Çocukluğumuzda ebeveynlerimizin üstünde titizlikle durduğu ve bize kazandırmaya çalıştığı en önemli erdemlerden biri dürüst olmaktı değil mi:)
İyi çocuklar olmalıydık, yaptığımız yanlış da olsa gidip anne-babamıza anlatmalıydık çünkü onların sevgisi koşulsuzdu ve hatalı da olsak bizi seveceklerdi, anlayacaklardı, yol göstereceklerdi.(İdeali buydu!)
Bizler büyüdük ve ideal çizgiden kimi zaman az kimi zaman çok ayrıldık, ufak ufak pembesinden beyazından yalanlar söylemeye, işimize göre davranmaya başladık, nabza göre şerbet verdik, en basiti sınavda kopya çektik(ben çekmedim diyen başta en yalancıdır!). Oysa masallar dinlemiştik, yalan söyleyince burnumuz uzayacaktı.
Şimdi o masalın kahramanı, haylaz yalancı kukla, oğlumun oyuncağı.
Canım arkadaşım, Nadidem, oğluma bu masalı kahramanı ile anlatayım diye en özelinden detayları ile yaptırmış, güzel bir sürprizle yollamış bana...
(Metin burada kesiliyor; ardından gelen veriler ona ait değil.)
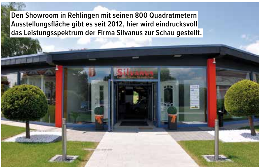
Den Showroom in Rehlingen mit seinen 800 Quadratmetern Ausstellungsfläche gibt es seit 2012, hier wird eindrucksvoll das Leistungsspektrum der Firma Silvanus zur Schau gestellt.

Wenn dieses eine (große) Problem nicht wäre, könnte man nicht klagen, denn das Geschäftsmodell von „Silvanus – Türen, Fenster, Sonnenschutz“ funktioniert – und zwar folgendermaßen: Jede Holzhaustür, die den Betrieb verlässt, ist ein Unikat, wird also individuell am stetig wachsenden Standort in Rehlingen-Siersburg entworfen und nach Kundenwunsch gefertigt. Während wiederum die Fenster, Innentüren, Rollläden und die übrigen Sonnenschutzelemente im Portfolio

Tilda Pinokyomuz elinde benim için en anlamlı fotoğraflardan biri ile çıktı geldi:) Bu özel işçilik için fikri mühim kişi Nadidem ve atölyesinde ayrıca emek vererek çerçeveyi işleyen
Abstractarthouse 'a teşekkür eder, bal yanaklarından öperim!
Yakasındakini biyesini, kalbindeki puantiyesini sevdiğim Pinokyo:) Çağan'ın aklı erene kadar benim oldu:)
12 yıllık Nadidem, sana karşı hiç yamuk yapmadım, hani bu hediyenin altında bir mesaj varsa baştan belirteyim:) Belki blog yazdığımı biraz geç öğrenmiş olabilirsin ama sen de bana ekşi'de yazdığını söylememiştin:))
En iyisi herkes kendine birer tane Pinokyo alsın, sadece çoluğuna çocuğuna değil mümkünse herkese dürüstlüğün önemini anlatsın.
Yalansız dolansız, mutlu mesut günler gördüğümüz bir yıl olsun! Fena mı olur?